Acetate, acetone, ethanol, and 2-propanol were determined using GC ‘HP4/Agilent GC 6890’ (Agilent Technologies; Böblingen, Germany). GC was equipped with a capillar column (DB WAX plus, 30 m × 0.25 μm × 0.25 μm). N2 was the carrier gas (45 mL min-1), injector temperature was 230°C, and detector temperature was 250°C. A temperature profile was predefined: 60°C for 2 min, 7.5°C min-1 increasing steps to 150°C (constant for 8 min). Supernatant (1.5 mL) was mixed with 10 mg of 2-methoxyethyl ether (dissolved in ultrasonic bath) and served as an internal standard. One micro liter of this solution was injected into the GC.

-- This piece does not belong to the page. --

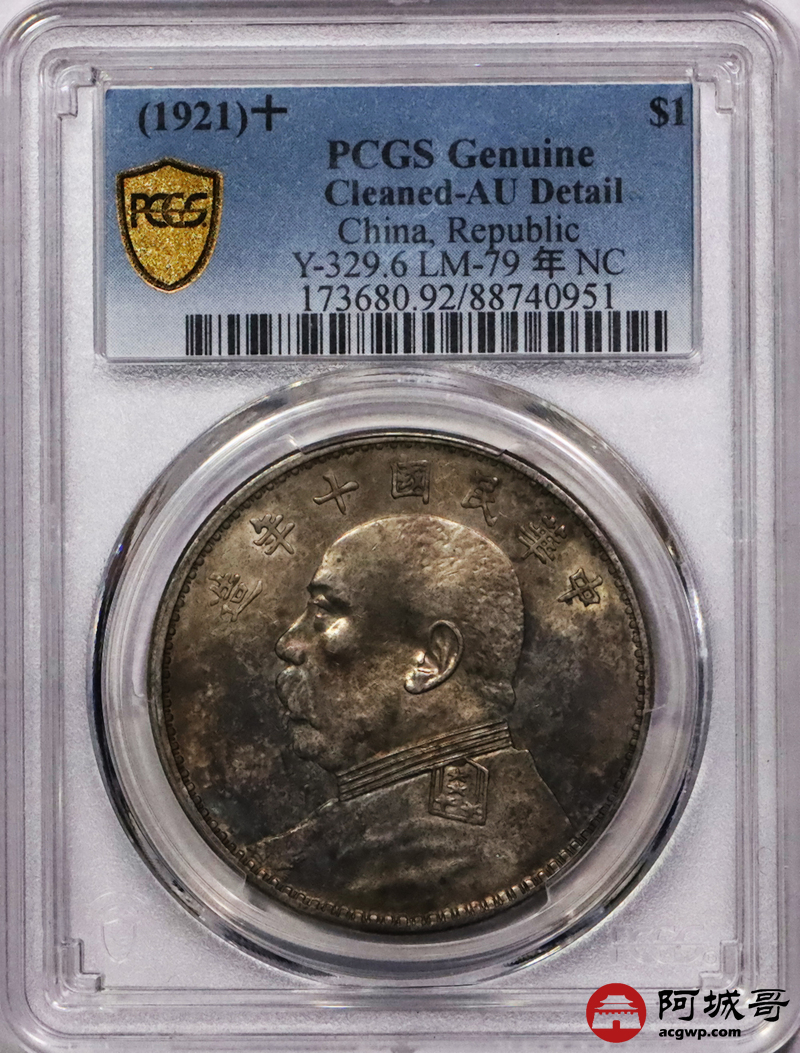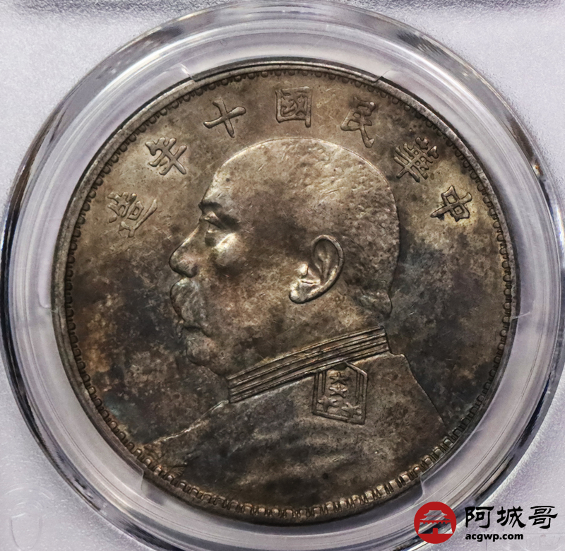 Lot:9 带光 淡彩 十年大头壹元 PCGS AU

DNA Preparation and Genome Sequencing

Standard molecular cloning techniques were performed according to established protocols (Green and Sambrook, 2012). Genomic DNA of clostridia was isolated using ‘Epicentre MasterPureTM Gram Positive DNA purification kit’ (Biozym Scientific GmbH, Hessisch Oldendorf, Germany). Plasmid DNA of E. coli strains were obtained by ‘ZyppyTM plasmid miniprep kit’ (Hiss Diagnostics GmbH, Freiburg, Germany). DNA fragments of clostridial DNA were amplified via PCR using ‘ReproFast polymerase’ (Genaxxon, Ulm, Germany).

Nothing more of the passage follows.